Once implemented, the presented techniques and especially those supporting semi-formal discussions will be applicable to many domains, including PORT. The ontology on knowledge management, in addition to its above cited applications, might guide works on the automatic extraction and organization of technical information from documents in Information Sciences.

6. Acknowledgments

The first author thanks the members of the LOA and Christopher Welty for the interesting discussions related to some ideas mentioned in this article.

7. References

V. R. Benjamins, D. Fensel, A. Gomez-Perez, S. Decker, M. Erdmann, E. Motta and M. Musen (1998).

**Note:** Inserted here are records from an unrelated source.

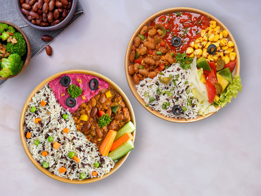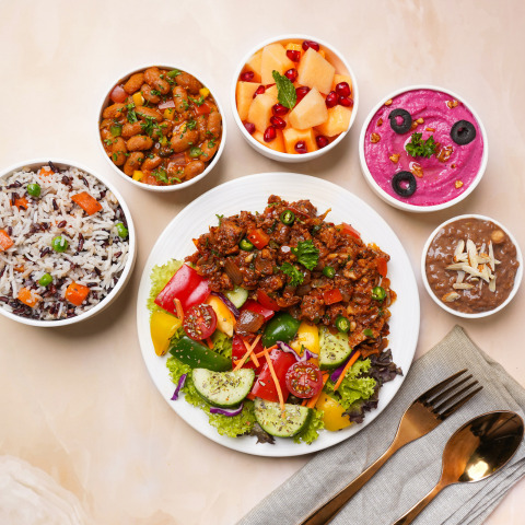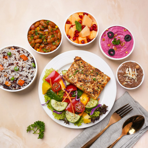 [Energy -796kcal | Protein - 30gm] A power packed meal with wild rice mix, mix bean stew, sauteed plant protein and Greek salad mix. Served along with beetroot hummus, diced muskmelon and choco coffee pudding. - Antioxidant rich - Protein Power Allergen Information: Contains Gluten, Dairy, Soy, Sesame Seed & Nuts
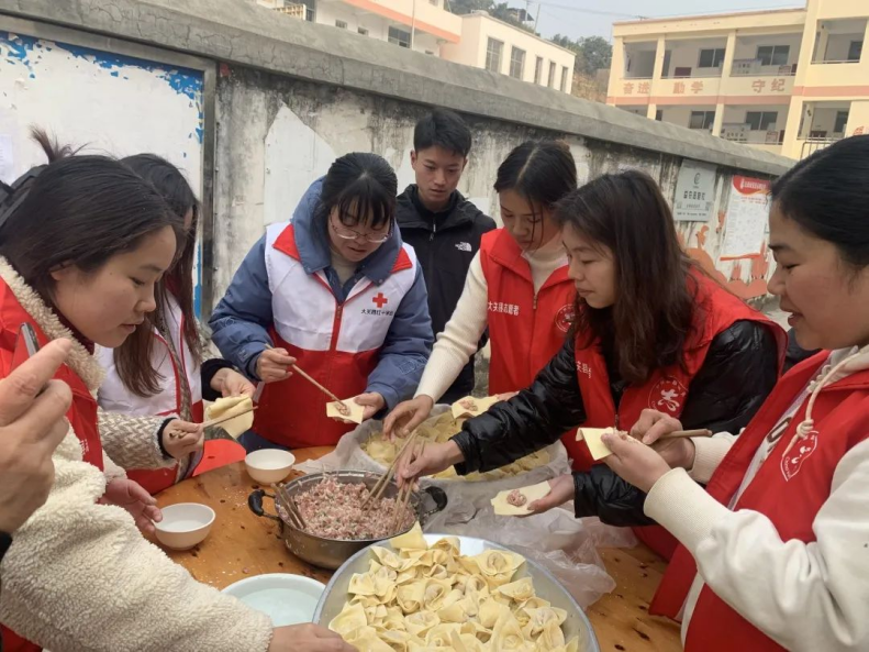 三是包饺子,志愿者们个个化身厨艺能手,放馅、捏皮一气呵成,一个个大小匀称、形状美观的饺子装满盘子。不一会儿,热气腾腾的饺子出锅上桌,大家吃着饺子,心里乐开了花,幸福洋溢在每一个人的脸庞。
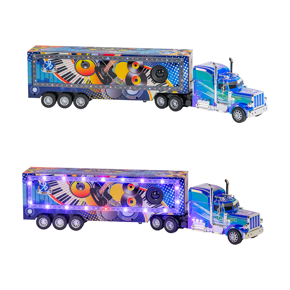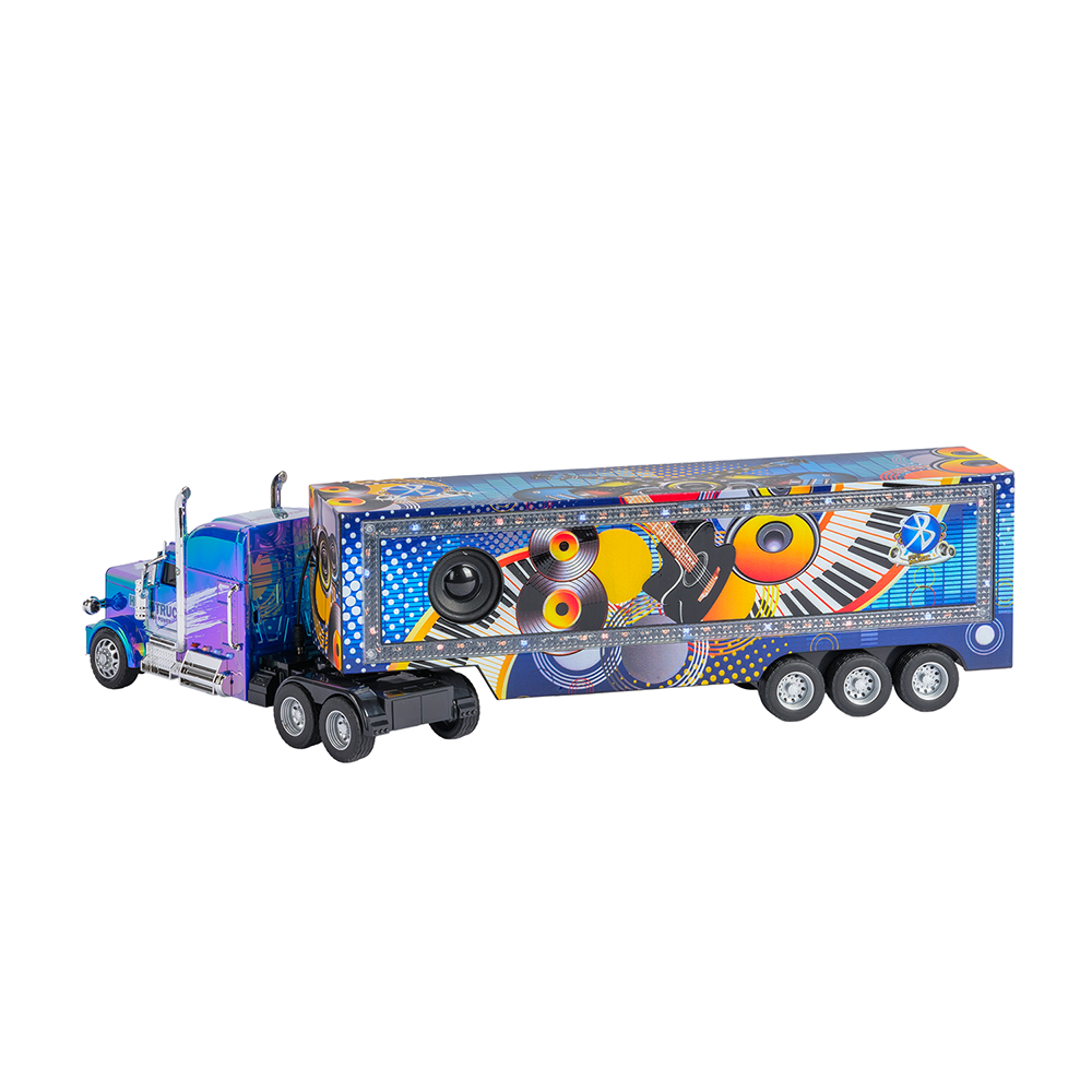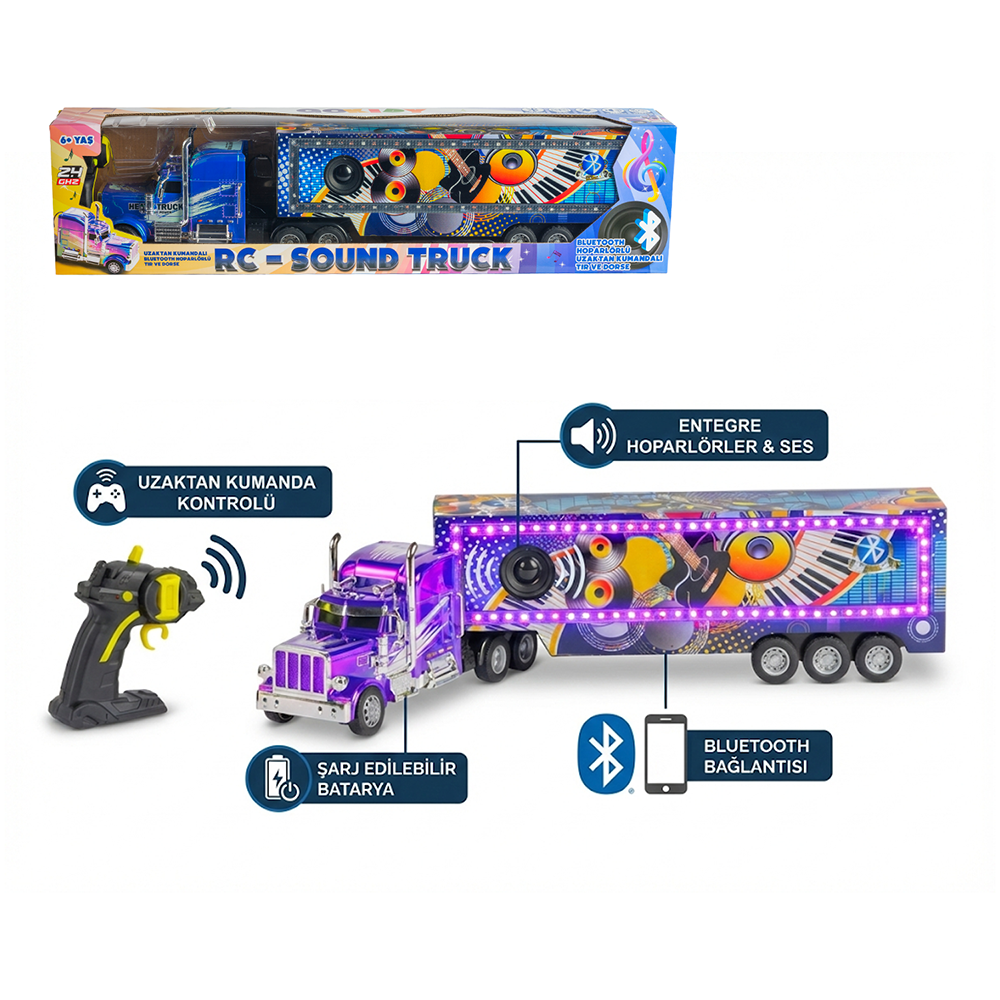 Eğlenceyi ve müziği bir araya getiren RC Sound Truck, ışık efektleri, müzik fonksiyonları ve uzaktan kumanda kontrolü ile çocuklara interaktif bir oyun deneyimi sunar. Renkli tasarımı ve sahne konseptli dorsesi sayesinde hem görsel hem işitsel olarak dikkat çeker

Knowledge Annotation Initiative of the Knowledge Acquisition Community: (KA)2. Proc. of the 11th Banff Knowledge Acquisition for Knowledge Based System Workshop (KAW98), Banff, Canada, April 18-23, 1998.
The ontology is at http://ontobroker.semanticweb.org/ontologies/ka2-onto-2000-11-07.flo.

W.D. Hillis (2004). "Aristotle" (The Knowledge Web). Edge Foundation, Inc., No 138, May 6, 2004.

Ph. Martin (2003a). Knowledge Representation, Sharing and Retrieval on the Web. Chapter of a book titled "Web Intelligence", (Eds.: N. Zhong, J. Liu, Y. Yao), Springer-Verlag, Jan. 2003.

Ph. Martin (2003b). Correction and Extension of WordNet 1.7. Proc. of ICCS 2003 (Dresden, Germany, July 2003), Springer Verlag, LNAI 2746, 160-173.

W. Schuler and J.B. Smith (1990). Author's Argumentation Assistant (AAA): A Hypertext-Based Authoring Tool for Argumentative Texts. Proc. of ECHT'90 (INRIA, France, Nov. 1990), Cambridge University Press, 137-151.

D. Skuce and T.C. Lethbridge (1995). CODE4: A Unified System for Managing Conceptual Knowledge. International Journal of Human-Computer Studies, 42, 413-451.
See also the successor / commercial version: Fact Guru.

D.A. Smith (1998). Computerizing computer science. Communications of the ACM, 41(9), 21-23.

C.A. Welty & J. Jenkins (1999). Formal Ontology for Subject. Journal of Knowledge and Data Engineering (Sept. 1999), 31(2), 155-182.